WHAT YOU SHOULD DO: Tally the lines in the data below where the word "nhấn" appears, and give the tally alone.

═════ EXERCISE INPUT ═════

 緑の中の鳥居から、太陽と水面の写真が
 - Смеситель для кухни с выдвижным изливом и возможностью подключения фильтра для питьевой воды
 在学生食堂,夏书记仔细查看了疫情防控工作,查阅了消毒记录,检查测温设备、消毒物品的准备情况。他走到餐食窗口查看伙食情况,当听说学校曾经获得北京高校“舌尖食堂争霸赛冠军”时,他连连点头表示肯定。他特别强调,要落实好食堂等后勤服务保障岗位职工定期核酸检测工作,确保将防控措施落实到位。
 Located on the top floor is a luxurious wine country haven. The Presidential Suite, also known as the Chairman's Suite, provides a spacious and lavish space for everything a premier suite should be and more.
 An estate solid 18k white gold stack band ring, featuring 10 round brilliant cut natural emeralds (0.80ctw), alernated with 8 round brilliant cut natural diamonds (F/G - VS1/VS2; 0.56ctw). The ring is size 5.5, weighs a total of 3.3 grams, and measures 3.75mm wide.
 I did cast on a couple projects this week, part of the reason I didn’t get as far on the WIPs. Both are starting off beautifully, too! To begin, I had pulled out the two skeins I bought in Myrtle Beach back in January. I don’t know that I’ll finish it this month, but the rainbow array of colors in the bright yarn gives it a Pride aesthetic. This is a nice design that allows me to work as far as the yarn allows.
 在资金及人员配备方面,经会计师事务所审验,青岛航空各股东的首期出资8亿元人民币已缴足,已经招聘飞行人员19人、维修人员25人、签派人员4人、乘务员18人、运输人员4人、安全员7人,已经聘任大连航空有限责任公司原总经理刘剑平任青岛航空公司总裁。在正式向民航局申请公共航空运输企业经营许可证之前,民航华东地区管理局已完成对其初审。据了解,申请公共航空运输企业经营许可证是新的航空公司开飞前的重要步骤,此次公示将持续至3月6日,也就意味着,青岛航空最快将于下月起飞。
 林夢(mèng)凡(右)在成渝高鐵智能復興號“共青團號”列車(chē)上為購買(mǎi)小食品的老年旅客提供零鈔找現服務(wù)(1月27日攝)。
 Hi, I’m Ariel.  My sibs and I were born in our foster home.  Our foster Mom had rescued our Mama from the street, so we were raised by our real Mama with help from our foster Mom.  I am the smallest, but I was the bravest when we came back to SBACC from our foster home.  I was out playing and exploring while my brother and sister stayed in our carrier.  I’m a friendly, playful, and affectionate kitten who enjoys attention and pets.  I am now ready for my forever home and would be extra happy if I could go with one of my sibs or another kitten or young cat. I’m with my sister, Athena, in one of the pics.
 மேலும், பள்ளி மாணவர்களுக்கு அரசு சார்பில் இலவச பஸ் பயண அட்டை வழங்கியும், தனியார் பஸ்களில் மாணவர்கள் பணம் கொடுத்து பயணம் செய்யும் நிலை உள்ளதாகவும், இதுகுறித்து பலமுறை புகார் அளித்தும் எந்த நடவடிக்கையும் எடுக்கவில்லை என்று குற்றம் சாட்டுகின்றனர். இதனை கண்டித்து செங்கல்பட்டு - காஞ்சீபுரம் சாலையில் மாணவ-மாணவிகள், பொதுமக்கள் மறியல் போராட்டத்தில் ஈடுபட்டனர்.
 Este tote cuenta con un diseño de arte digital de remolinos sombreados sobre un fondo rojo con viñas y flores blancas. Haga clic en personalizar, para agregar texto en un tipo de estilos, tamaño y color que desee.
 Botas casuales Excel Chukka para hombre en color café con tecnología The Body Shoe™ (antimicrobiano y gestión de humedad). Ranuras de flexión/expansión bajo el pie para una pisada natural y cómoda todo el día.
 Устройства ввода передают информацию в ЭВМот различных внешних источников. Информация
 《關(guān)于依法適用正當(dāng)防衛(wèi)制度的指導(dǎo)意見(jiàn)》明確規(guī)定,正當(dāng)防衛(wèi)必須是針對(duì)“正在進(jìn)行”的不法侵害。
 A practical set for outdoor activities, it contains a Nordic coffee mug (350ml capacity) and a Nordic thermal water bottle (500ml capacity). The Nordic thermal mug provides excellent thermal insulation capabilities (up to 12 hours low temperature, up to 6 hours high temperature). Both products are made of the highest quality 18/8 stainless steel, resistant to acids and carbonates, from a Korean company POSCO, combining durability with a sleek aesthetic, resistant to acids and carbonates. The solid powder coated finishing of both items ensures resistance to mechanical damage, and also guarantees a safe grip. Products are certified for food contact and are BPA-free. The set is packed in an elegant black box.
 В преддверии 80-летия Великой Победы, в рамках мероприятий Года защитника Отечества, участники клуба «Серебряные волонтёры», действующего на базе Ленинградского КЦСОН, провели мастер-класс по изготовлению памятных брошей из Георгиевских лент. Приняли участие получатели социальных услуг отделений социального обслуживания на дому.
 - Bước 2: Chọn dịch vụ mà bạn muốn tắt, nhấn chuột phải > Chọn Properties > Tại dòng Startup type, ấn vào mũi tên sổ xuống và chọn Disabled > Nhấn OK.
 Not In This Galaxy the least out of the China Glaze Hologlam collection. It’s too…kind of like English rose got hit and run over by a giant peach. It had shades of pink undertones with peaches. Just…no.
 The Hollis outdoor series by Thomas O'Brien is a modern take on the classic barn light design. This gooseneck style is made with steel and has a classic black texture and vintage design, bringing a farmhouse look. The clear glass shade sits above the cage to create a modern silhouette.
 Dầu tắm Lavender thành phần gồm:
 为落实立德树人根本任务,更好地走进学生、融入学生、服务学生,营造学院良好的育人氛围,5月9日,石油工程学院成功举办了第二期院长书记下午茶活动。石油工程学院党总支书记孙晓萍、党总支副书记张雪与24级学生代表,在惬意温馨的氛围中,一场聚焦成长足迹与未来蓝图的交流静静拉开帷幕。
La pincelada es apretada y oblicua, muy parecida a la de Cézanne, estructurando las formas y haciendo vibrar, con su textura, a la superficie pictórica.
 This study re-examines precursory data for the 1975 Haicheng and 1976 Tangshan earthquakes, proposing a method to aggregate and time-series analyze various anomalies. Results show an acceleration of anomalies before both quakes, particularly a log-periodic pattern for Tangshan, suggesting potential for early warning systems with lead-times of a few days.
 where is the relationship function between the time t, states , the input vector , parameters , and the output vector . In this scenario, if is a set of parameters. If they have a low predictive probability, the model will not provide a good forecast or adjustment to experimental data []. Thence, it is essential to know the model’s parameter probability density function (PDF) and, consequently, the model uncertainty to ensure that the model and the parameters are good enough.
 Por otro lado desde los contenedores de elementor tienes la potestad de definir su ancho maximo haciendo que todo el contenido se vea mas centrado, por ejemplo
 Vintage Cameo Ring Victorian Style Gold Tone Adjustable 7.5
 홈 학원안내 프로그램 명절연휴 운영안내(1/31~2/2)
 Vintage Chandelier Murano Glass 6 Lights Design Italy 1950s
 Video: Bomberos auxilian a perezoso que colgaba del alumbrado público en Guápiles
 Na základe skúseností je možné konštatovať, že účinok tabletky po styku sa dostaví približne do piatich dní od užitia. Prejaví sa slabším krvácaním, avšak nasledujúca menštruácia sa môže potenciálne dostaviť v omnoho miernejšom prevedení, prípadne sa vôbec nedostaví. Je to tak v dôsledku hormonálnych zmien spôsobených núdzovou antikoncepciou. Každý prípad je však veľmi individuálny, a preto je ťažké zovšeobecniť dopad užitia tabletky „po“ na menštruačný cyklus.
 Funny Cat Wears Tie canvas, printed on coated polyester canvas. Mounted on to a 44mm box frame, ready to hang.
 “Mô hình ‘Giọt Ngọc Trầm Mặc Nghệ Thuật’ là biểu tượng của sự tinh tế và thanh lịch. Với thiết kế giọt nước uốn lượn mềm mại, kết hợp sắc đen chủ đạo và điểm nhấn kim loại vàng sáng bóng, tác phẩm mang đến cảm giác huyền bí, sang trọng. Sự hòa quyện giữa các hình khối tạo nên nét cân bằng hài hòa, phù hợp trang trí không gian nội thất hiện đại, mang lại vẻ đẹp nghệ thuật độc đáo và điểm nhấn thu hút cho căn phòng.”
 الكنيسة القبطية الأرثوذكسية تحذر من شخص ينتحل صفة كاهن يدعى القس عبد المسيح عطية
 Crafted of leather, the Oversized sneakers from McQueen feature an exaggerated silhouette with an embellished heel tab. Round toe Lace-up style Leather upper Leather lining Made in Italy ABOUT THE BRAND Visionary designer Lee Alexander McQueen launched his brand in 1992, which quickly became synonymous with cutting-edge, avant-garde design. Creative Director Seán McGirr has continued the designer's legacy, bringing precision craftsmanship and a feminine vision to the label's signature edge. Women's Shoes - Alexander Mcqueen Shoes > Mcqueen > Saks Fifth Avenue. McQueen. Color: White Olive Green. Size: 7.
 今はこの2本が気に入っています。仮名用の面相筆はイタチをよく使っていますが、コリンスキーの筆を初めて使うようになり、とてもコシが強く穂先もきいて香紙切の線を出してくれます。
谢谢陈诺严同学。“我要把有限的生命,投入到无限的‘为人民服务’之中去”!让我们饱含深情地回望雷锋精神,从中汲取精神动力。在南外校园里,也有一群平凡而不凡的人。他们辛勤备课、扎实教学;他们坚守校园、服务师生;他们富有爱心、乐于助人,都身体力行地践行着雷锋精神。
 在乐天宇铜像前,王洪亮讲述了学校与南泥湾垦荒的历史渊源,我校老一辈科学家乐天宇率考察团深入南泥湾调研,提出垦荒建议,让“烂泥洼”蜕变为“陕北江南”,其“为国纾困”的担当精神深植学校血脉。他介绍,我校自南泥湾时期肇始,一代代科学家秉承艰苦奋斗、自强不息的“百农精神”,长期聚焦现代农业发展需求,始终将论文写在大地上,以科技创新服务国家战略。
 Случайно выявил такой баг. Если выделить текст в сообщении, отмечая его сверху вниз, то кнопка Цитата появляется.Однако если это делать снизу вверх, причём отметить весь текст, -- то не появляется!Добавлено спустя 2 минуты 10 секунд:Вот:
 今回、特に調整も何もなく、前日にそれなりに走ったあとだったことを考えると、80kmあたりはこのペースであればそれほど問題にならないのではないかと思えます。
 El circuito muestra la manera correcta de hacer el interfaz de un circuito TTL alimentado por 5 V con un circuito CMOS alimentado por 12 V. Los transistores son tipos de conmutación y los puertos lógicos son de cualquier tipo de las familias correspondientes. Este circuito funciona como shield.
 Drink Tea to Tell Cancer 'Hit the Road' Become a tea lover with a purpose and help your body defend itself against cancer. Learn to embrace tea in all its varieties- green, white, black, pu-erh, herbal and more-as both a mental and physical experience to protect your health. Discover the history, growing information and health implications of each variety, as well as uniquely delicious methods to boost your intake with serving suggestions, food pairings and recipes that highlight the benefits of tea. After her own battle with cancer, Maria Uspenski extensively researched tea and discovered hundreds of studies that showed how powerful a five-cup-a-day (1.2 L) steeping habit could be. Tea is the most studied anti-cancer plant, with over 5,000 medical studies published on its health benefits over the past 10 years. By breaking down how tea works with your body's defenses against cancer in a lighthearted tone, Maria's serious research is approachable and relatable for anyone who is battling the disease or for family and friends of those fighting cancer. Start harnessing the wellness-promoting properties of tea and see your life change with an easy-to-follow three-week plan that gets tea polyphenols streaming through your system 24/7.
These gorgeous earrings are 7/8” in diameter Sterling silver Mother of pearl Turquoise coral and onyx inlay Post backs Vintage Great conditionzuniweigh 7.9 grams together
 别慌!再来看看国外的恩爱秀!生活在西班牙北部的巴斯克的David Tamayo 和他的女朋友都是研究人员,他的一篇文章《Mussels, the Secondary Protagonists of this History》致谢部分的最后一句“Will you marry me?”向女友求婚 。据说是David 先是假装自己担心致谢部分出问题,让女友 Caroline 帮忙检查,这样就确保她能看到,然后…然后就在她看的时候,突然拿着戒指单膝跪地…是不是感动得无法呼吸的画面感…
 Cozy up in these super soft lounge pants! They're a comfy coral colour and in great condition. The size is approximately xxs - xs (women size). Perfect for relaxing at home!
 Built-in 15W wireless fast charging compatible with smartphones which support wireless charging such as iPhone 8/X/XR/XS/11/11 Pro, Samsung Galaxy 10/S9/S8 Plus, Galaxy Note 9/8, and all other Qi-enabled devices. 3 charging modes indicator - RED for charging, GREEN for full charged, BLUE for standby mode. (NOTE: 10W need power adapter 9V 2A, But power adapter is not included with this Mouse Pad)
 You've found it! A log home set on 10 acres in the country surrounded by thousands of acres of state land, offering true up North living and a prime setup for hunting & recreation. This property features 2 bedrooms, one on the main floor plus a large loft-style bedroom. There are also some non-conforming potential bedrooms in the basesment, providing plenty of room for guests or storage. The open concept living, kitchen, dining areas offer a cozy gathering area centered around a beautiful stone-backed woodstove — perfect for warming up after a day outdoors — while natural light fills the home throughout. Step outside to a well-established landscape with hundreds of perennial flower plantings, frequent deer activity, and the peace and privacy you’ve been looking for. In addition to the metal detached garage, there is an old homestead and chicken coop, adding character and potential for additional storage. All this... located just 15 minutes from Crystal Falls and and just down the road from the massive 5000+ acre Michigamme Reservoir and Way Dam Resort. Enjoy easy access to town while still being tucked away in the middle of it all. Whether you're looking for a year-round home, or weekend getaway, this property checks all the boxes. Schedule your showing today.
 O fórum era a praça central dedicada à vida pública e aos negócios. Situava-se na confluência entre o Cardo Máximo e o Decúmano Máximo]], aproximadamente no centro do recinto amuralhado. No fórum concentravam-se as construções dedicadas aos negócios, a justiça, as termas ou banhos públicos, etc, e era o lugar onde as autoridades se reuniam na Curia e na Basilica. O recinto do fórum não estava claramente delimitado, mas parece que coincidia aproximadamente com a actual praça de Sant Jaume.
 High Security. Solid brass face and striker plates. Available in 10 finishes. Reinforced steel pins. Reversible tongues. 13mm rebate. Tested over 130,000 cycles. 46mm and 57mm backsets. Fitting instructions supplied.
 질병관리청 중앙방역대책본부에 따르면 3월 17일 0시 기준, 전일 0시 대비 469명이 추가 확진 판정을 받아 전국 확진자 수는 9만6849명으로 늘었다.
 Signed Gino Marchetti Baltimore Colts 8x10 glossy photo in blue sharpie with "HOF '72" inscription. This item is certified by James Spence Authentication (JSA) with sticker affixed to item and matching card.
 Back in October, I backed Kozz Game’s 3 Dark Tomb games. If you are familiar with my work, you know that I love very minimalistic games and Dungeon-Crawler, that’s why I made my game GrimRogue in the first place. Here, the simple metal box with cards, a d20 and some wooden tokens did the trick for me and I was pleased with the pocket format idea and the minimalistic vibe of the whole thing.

═════

EXERCISE ANSWER: 2